**WHAT THE TASK ASKS**
Type out the lines below exactly, from the first through the line holding "Image: MIF23 Festival", and include no pictures.
=======
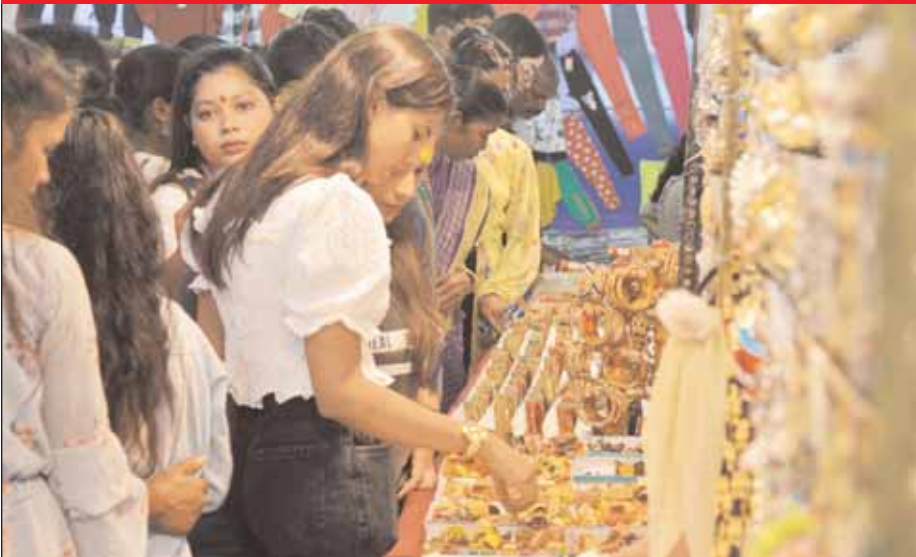
Women purchase home appliances at a stall during the ongoing annual 'Rath Yatra' festival of Lord Jagannath in Ranchi on Tuesday.
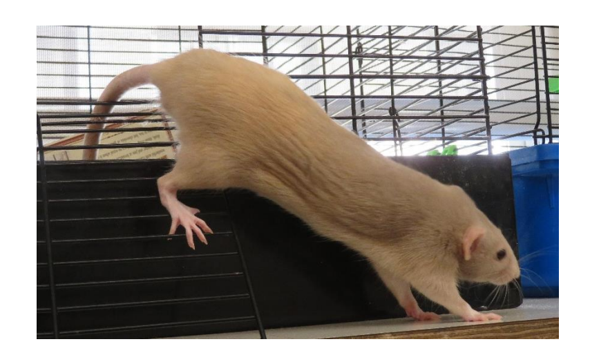
Rat ran. Cat ran. A cat can nab a rat. Sad rat!
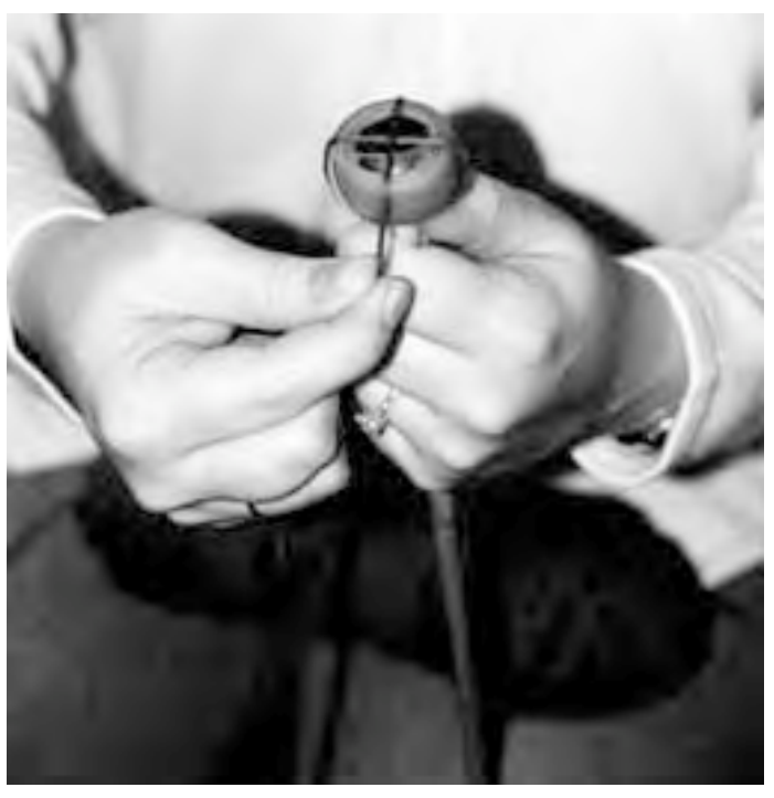
6. Continue turning the shaft counterclockwise with the left and wrapping with the right until the spaces have been filled. Be sure to continue crossing at the "north pole" so a small point begins to form. During this process, the yarn should be kept as taut as possible.

and continues across to the opposite side and down to the "south pole" as before. You should now have an X pattern on the top of the mallet head.
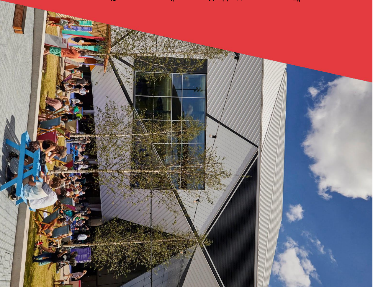
Image: MIF23 Festival Square at Aviva Studios home of Factory International

Factory International plays an important role in the lives of Greater Manchester residents , bringing jobs, skills, training and creative opportunities.
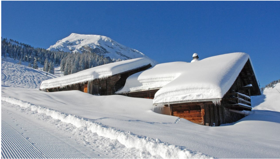
Blick auf Wiriehorn
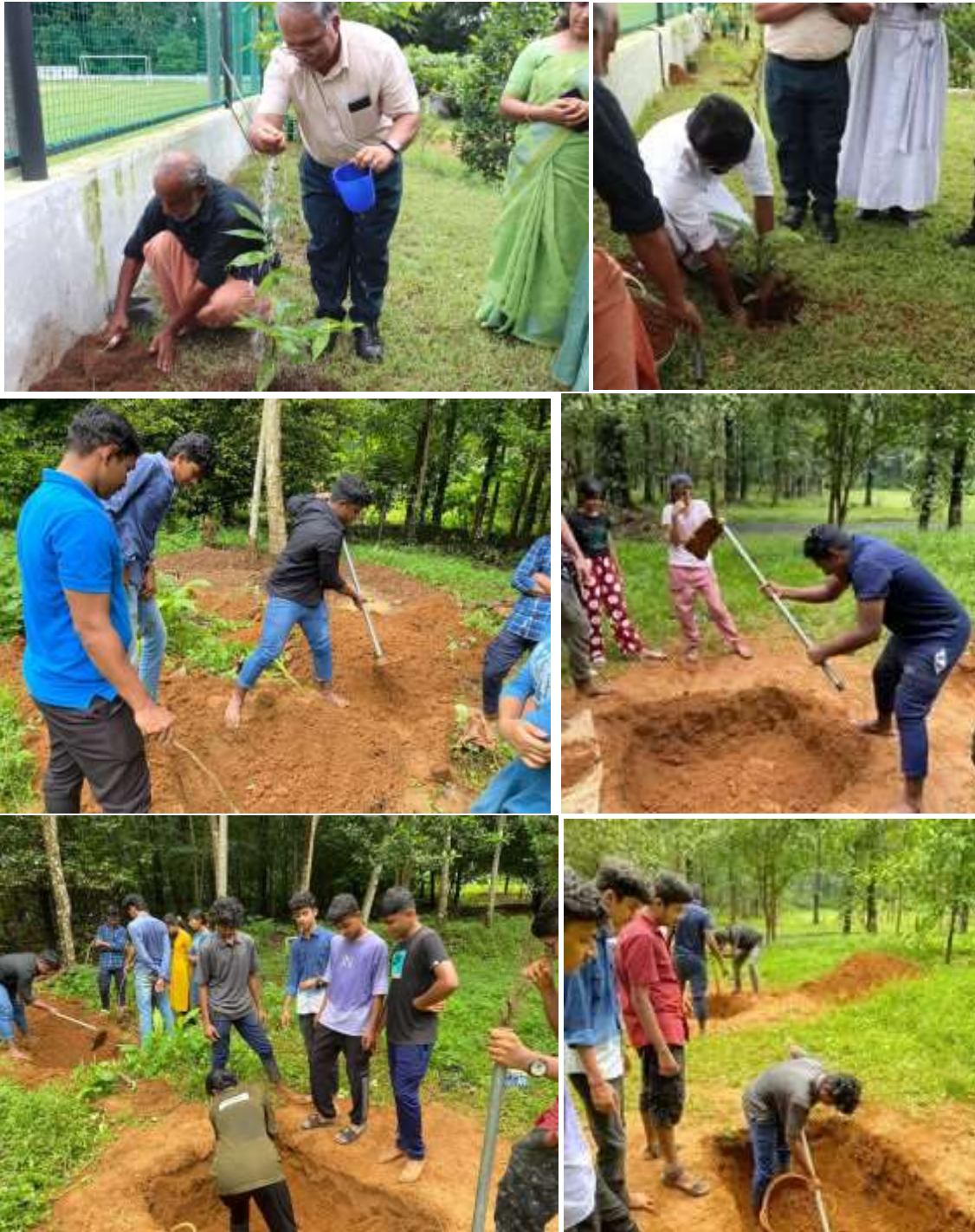
Utilizing the Green Campus
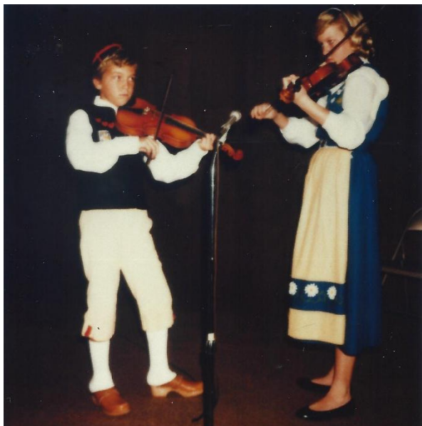
1985-12 Children's Club performing at St. Lucia celebration

Did you know _____ about Monitor Lodge? This occasional section features factoids about Monitor Lodge and VASA. This month we have a small selection of events from the late 1980s:
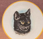
Hung on wire hicks above the Dining Room on the 1950s, an incomplete collection of Cornish decorative table plates featuring different breeds of cat.
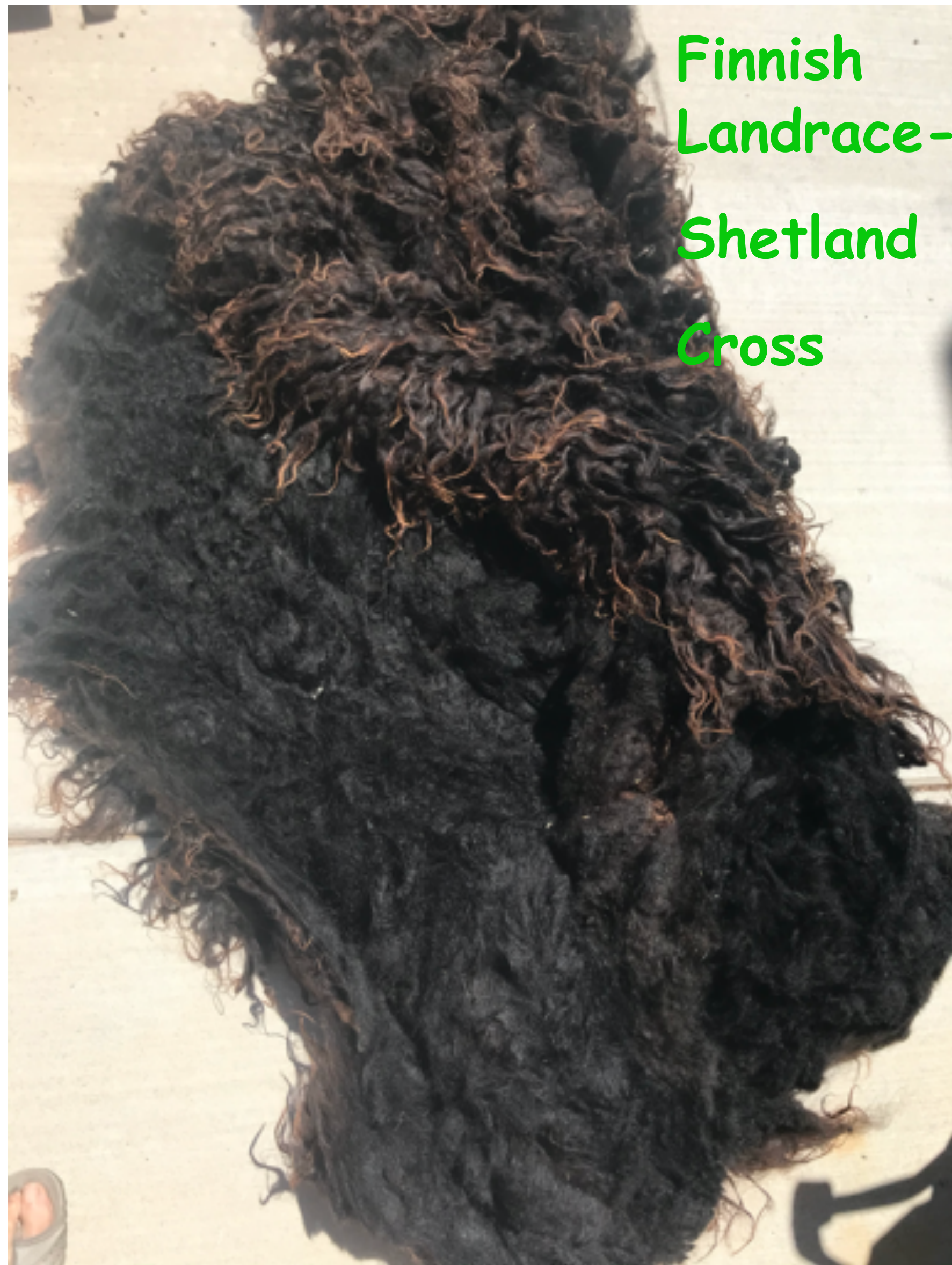
Finnish Landrace- Shetland Cross
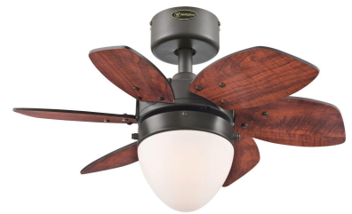
Reversible Applewood Finish Blades
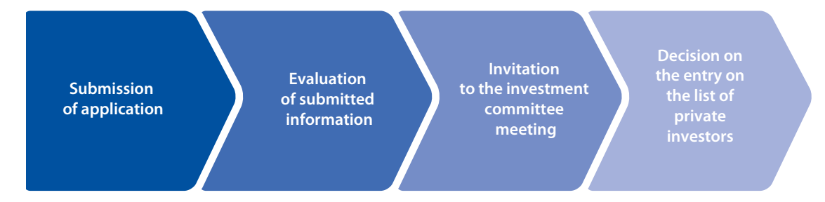
Figure 2: Selection process of private investors that may then request co-investment with the fund Koinvesticinis Fondas

As mentioned, only the selected private investors may submit a request for co-investment. An SME cannot send a direct request. This selection follows specific terms. If the private investor meets these requirements, the Investment Committee decides on the entry of the applicant to the 'list of private investors' on the basis of its assessment of the application. This selection is an ongoing process which will continue until the end of the investment period (expected for 31 December 2020, and can be extended). It is illustrated by the figure below.
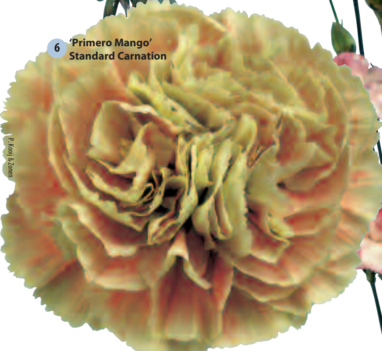
6 'Primero Mango' Standard Carnation
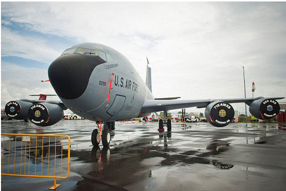
KC-135 Intake Covers, "Tambourine" type
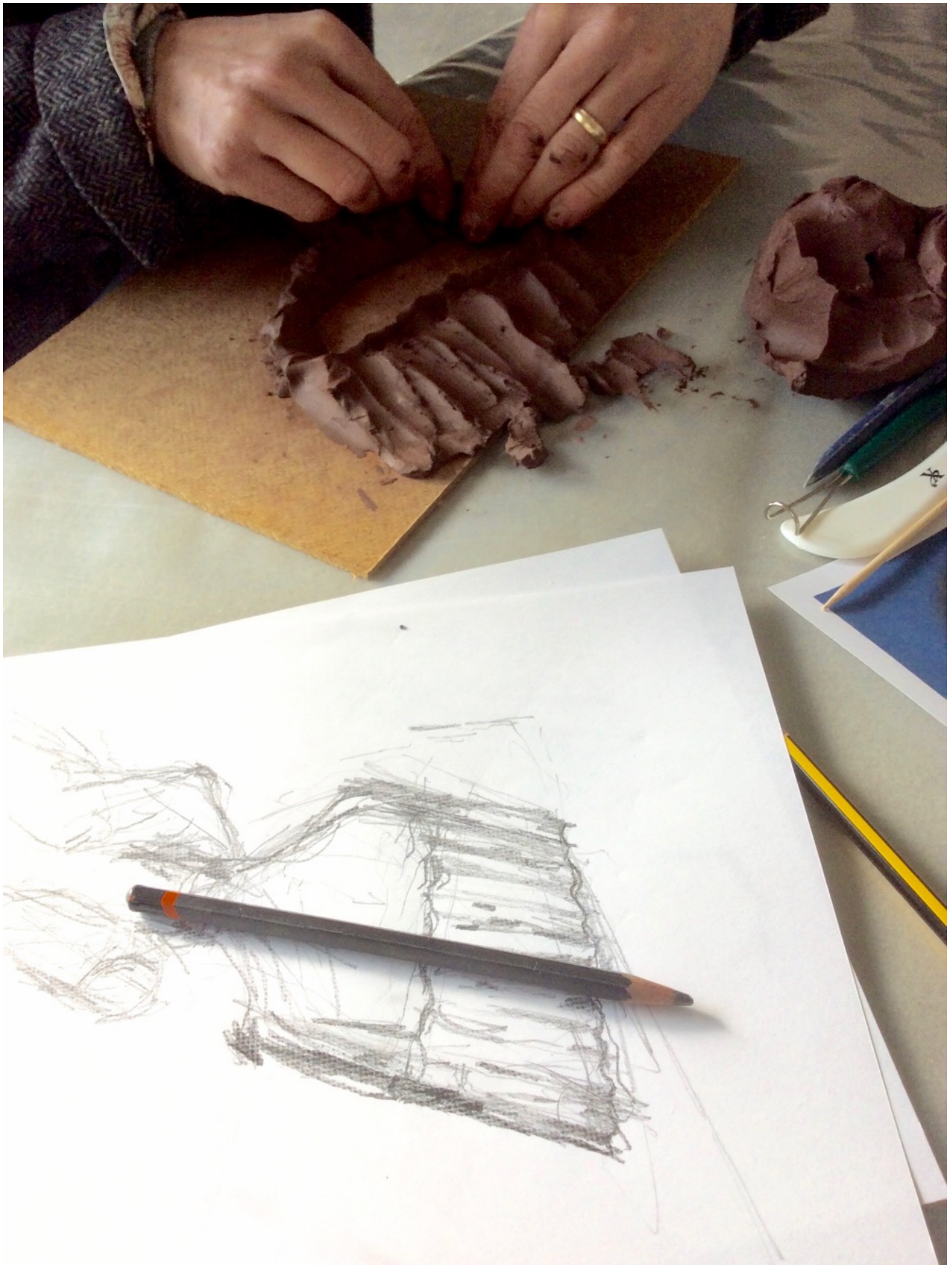
From blind drawing to making in the blind - A 1940's potato slicer triggered a discussion about homes and living in that decade
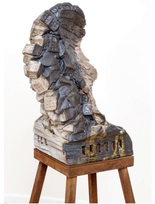
Tony Moore, The Injustice of Silence , 2017, clay and steel, courtesy of the artist
=======
**REPLY TO THE EXERCISE**
Women purchase home appliances at a stall during the ongoing annual 'Rath Yatra' festival of Lord Jagannath in Ranchi on Tuesday.
Rat ran. Cat ran. A cat can nab a rat. Sad rat!
6. Continue turning the shaft counterclockwise with the left and wrapping with the right until the spaces have been filled. Be sure to continue crossing at the "north pole" so a small point begins to form. During this process, the yarn should be kept as taut as possible.

and continues across to the opposite side and down to the "south pole" as before. You should now have an X pattern on the top of the mallet head.
Image: MIF23 Festival Square at Aviva Studios home of Factory International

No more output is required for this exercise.